ChatGPT on the go

There was a glitch in our email scheduling last week, so if you read this message in last week’s issue: “You may have noticed (or not), we’re publishing on a Tuesday (instead of Thursday) this week. With so much happening in the AI-world, I thought we should get this to you earlier going forward (maybe even more frequently…foreshadowing perhaps?).” – You probably thought, wait this is still Thursday! I think it should make sense this time around now that we fixed the issue. Oops!

Read on!

  • As OpenAI continues to release new functionality that pretty much kills off many 3rd party apps, they announced the availability of ChatGPT on your mobile phone. Currently the iOS (Apple) app is available (but only to the US market and slooooowwwwly released to markets outside of US) and they promise to release an Android version of the app as well.

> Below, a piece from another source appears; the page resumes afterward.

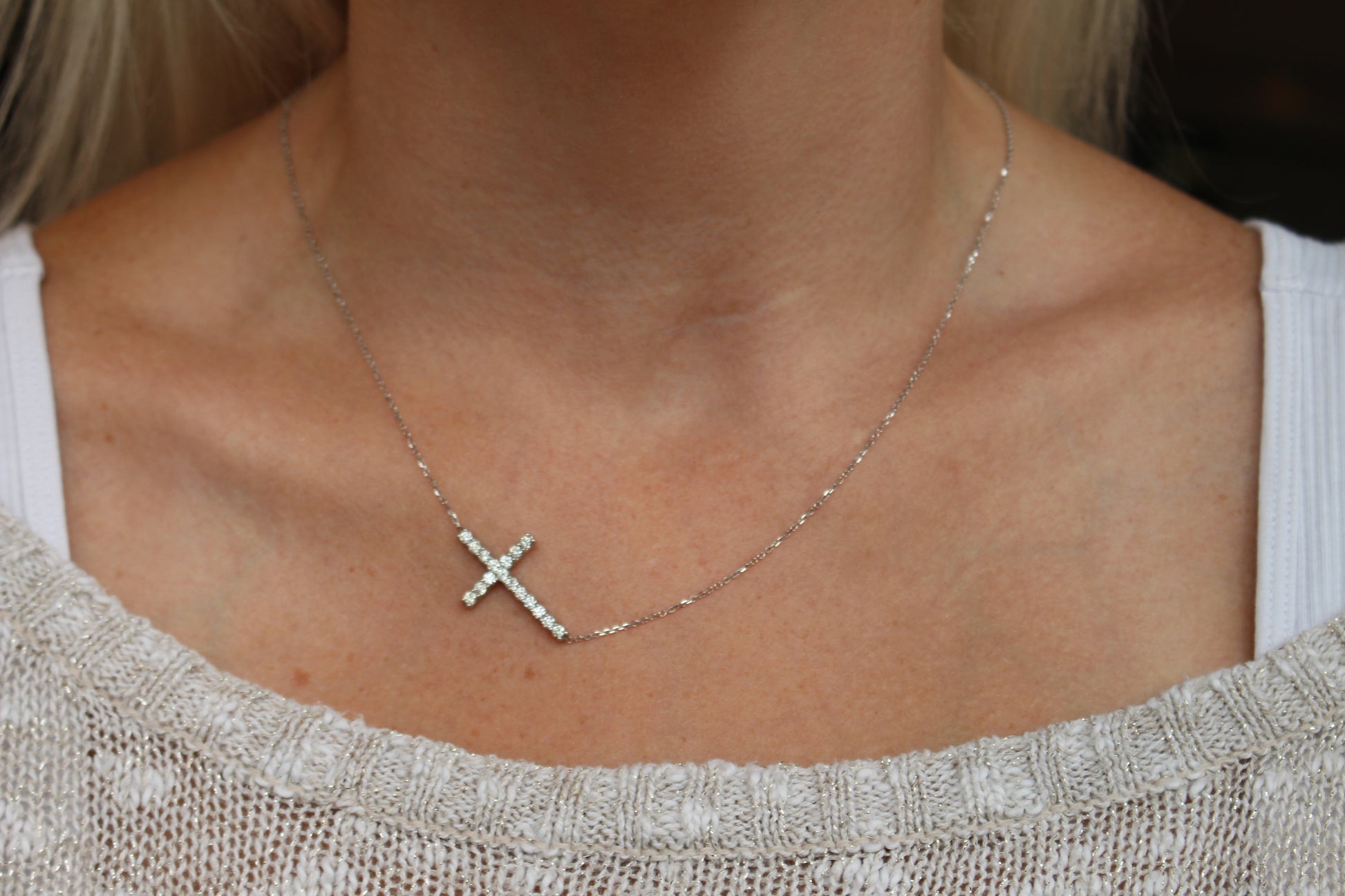 This sideways diamond cross pendant has 17 Round Brilliant Cut Diamonds Shared Prong Set for a total of 0.68cts. It measures 27mm in length and 17mm in Width. The cross is attached to the chain on the top and bottom.
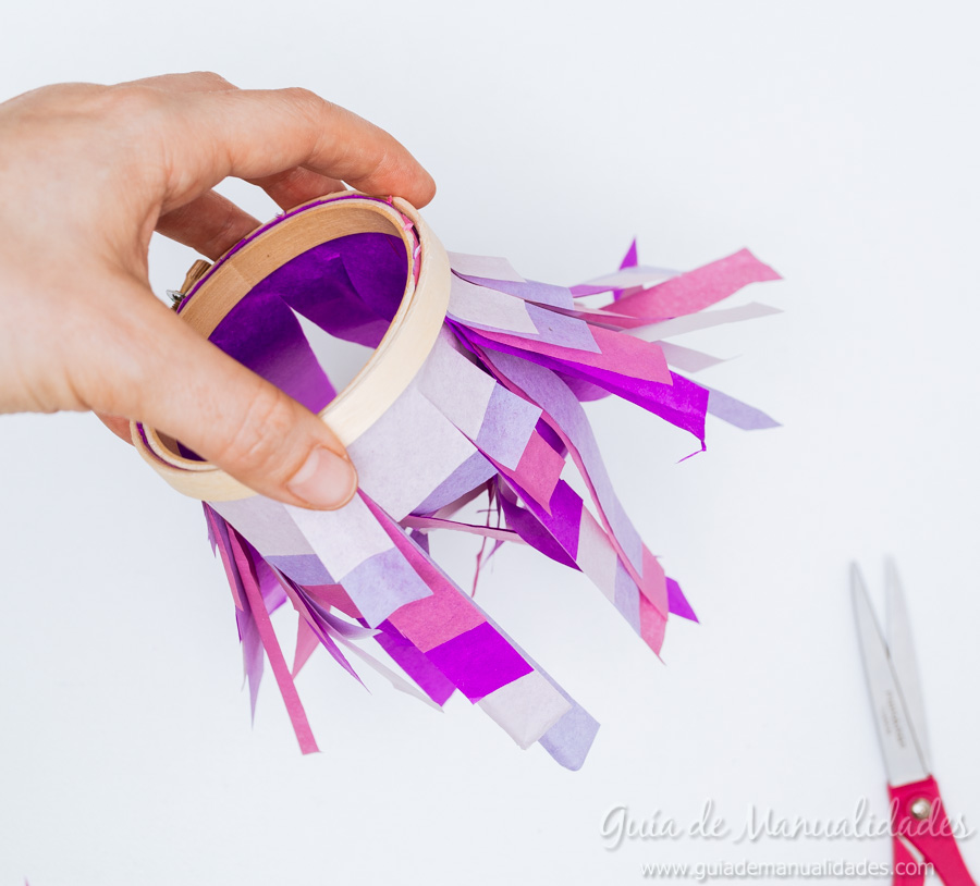 Colocamos todo dentro del aro externo del bastidor de bordado y ajustamos el tornillito hasta cerrarlo. Luego, con la tijera cortamos todo el papel en tiras. ¡Linternas listas!

    Why it’s exciting news? You’ll now have a second brain in your pocket AND initial response is the mobile app is even better than the web app version of ChatGPT. But I wouldn’t know since I’m not based in the US (just saying).
  • While developments in AI are exciting, we do have to remember in a business-context, entering confidential information into ChatGPT or similar AI-apps is still a big caveat. Companies, such as Apple, who are putting on the brakes on AI-apps usage within the work environment makes sense until they design their own usage guidelines (i.e. divulging confidential information).
  • Running these massive AI models relies heavily on powerful hardware, computing power and chips. It’s the big tech bros, like Meta, are going all in on designing their own chips to specifically run AI models.
  • Some skeptics about how AI could disrupt jobs (e.g. massive job loss) probably don’t want to know that BT (British Telecom) the largest telecom in the UK, is slashing 55,000(!!!) jobs or 40% of their global workforce by 2030. They didn’t hold back saying 10K of those jobs are going to be replaced by AI.
  • Could AI doctors help with medical care shortages? Google’s medical AI, named MedPaLM 2 scored a 86.5% on a medical exam where the average human scored 60%.